The command that is installed has built in help that shows the options that can
be used when symbolicating:

.. code-block:: text

   (lldb) crashlog --help
   Usage: crashlog [options]  [FILE ...]

Symbolicate one or more darwin crash log files to provide source file and line
information, inlined stack frames back to the concrete functions, and
disassemble the location of the crash for the first frame of the crashed
thread. If this script is imported into the LLDB command interpreter, a
``crashlog`` command will be added to the interpreter for use at the LLDB
command line. After a crash log has been parsed and symbolicated, a target will
have been created that has all of the shared libraries loaded at the load
addresses found in the crash log file.

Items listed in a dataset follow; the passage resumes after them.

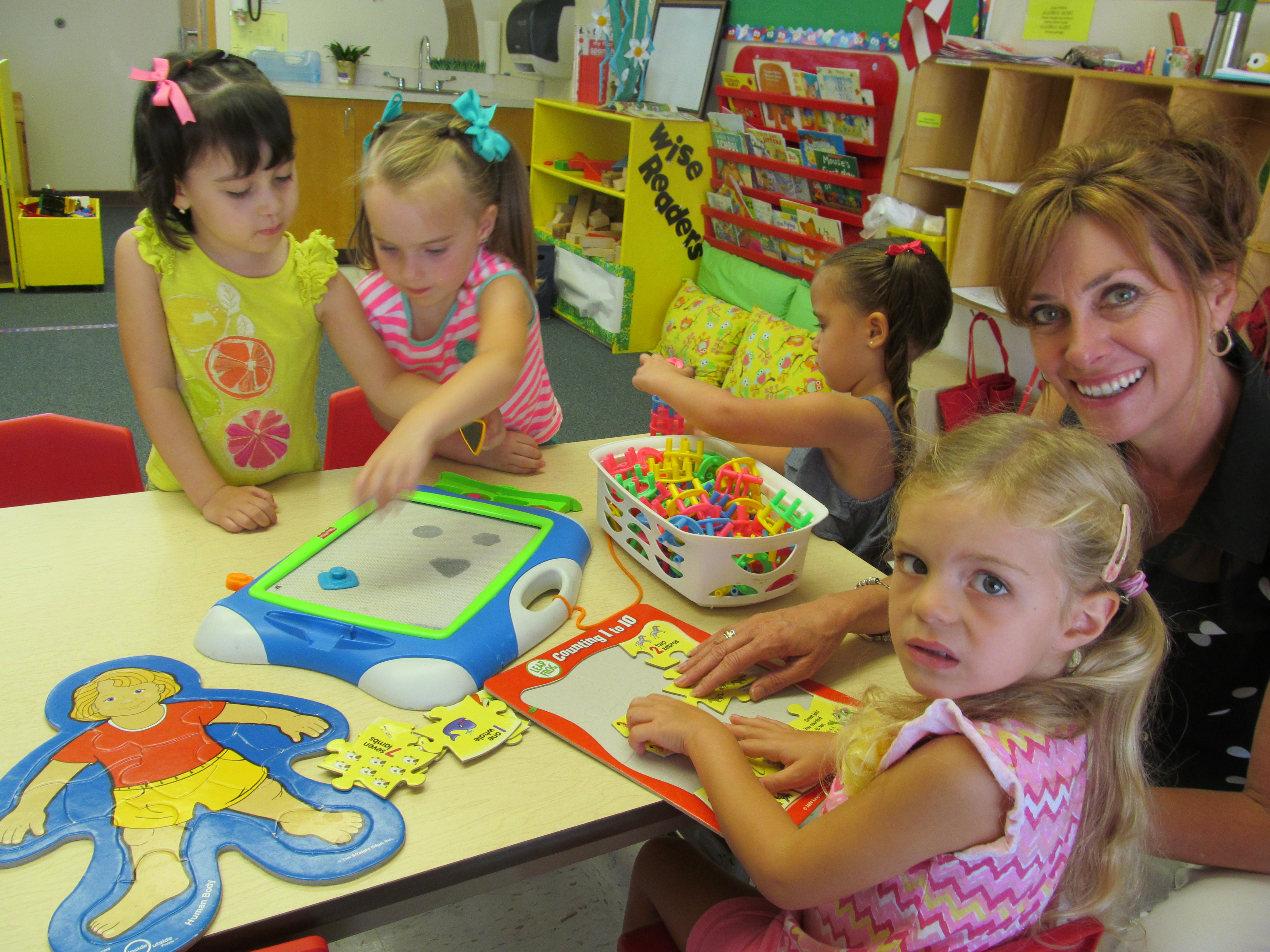 a vital building tool for future educational success. Many young children know their colors, some letters and numbers, but struggle in a social environment. Our three year old teachers have many years of experience working directly with this young age group. Many times, preschool is a child’s first experience in a structured setting with teachers and a group of children. It’s an opportunity to learn to share, follow instructions, and begin the foundation for learning success. Our program offers the benefit of essential playtime and also beginning the first step in pre-math and pre-literacy development.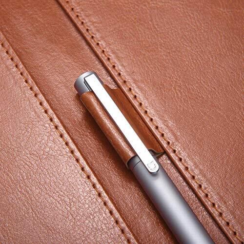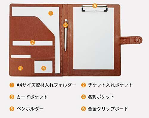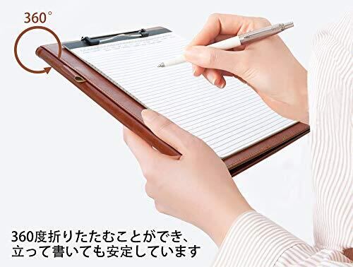 左側のポケットはカードや名刺、チケットなどの収納にピッタリです。真ん中にペン挿し1か所も用意しておきます。 素材:PUで高品質で高級感が出ています。 360度折りたたむことができ、立って書いても安定しています。A4サイズ(21*29.7cm)とB5サイズ(18.2*25.7cm)の用紙に適用されます。 寸法:25cm*32cm。 会議、インタビュー、芸術展示、引用、講義、一般的なビジネス用途に最適。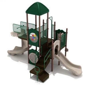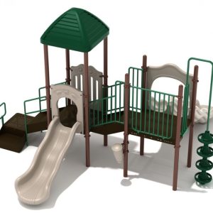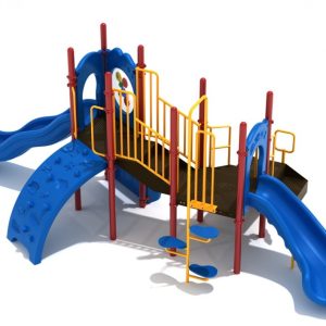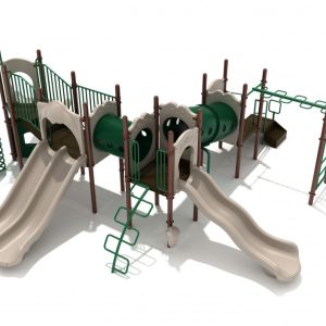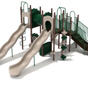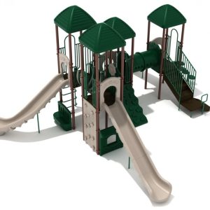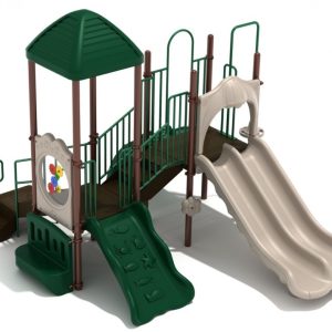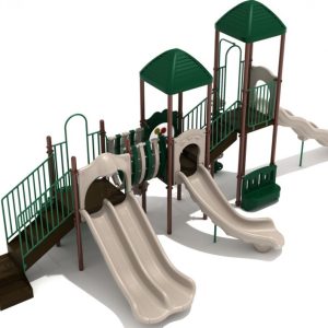Description Age Range: 5-12 years Child Capacity: 27-31 Fall Height: 7' Safety Zone: 35' 2" x 31' PLAYSET SHIPS IN 2-3 WEEKS (avg.) What’s better than one awesome slide? Three awesome slides! With the Montauk Downs playset, children will have a blast racing each other...
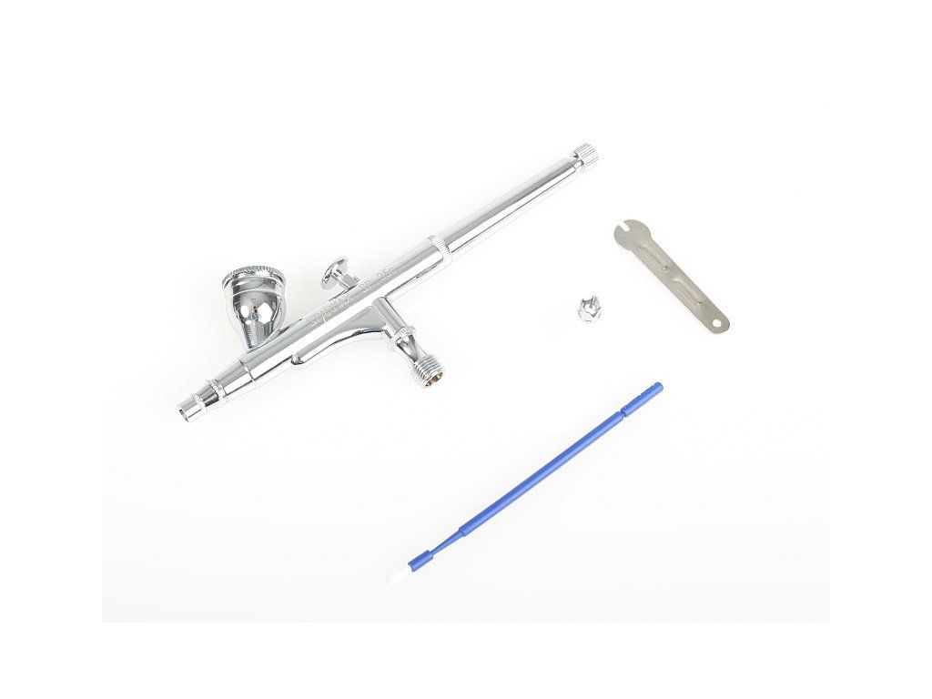 Kvalitní dvojčinná stříkací pistole určená pro malé plochy a detaily vhodná pro začátečníky ale i pokročilé modeláře. Trychtýř o objemu 2ml. Ideálně se hodí pro modelářské práce, ilustrace, kosmetické úpravy nebo zdobení nehtů. Sada obsahuje adaptér, který umožňuje přestavbu pistole na jednočinnou!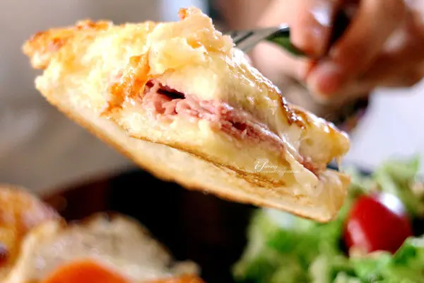 內層還夾入了滿滿的馬札瑞拉起司,與特殊風味的法國火腿,還有外表焗烤過的酥香,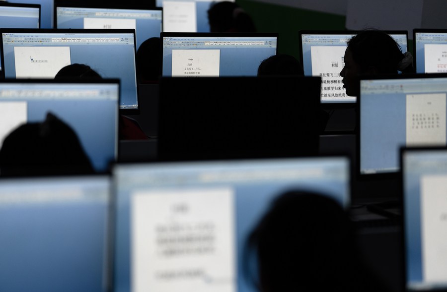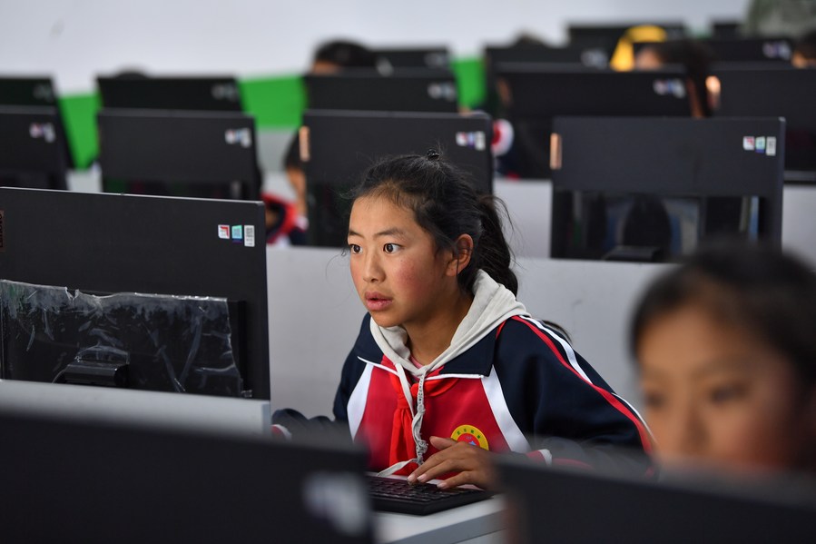6月5日,扎西宗鄉(xiāng)完全小學六年級的學生在上計算機課。

This allows you to explore the program
as if it were stopped at the locations described in the crash log and functions
can  be disassembled and lookups can be performed using the addresses found in
the crash log.

.. code-block:: text

   Options:
   -h, --help            show this help message and exit
   -v, --verbose         display verbose debug info
   -g, --debug           display verbose debug logging
   -a, --load-all        load all executable images, not just the images found
                           in the crashed stack frames
   --images              show image list
   --debug-delay=NSEC    pause for NSEC seconds for debugger
   -c, --crashed-only    only symbolicate the crashed thread
   -d DISASSEMBLE_DEPTH, --disasm-depth=DISASSEMBLE_DEPTH
                           set the depth in stack frames that should be
                           disassembled (default is 1)
   -D, --disasm-all      enabled disassembly of frames on all threads (not just
                           the crashed thread)
   -B DISASSEMBLE_BEFORE, --disasm-before=DISASSEMBLE_BEFORE
                           the number of instructions to disassemble before the
                           frame PC
   -A DISASSEMBLE_AFTER, --disasm-after=DISASSEMBLE_AFTER
                           the number of instructions to disassemble after the
                           frame PC
   -C NLINES, --source-context=NLINES
                           show NLINES source lines of source context (default =
                           4)
   --source-frames=NFRAMES
                           show source for NFRAMES (default = 4)
   --source-all          show source for all threads, not just the crashed
                           thread
   -i, --interactive     parse all crash logs and enter interactive mode


The source for the "symbolication" and "crashlog" modules are available in SVN.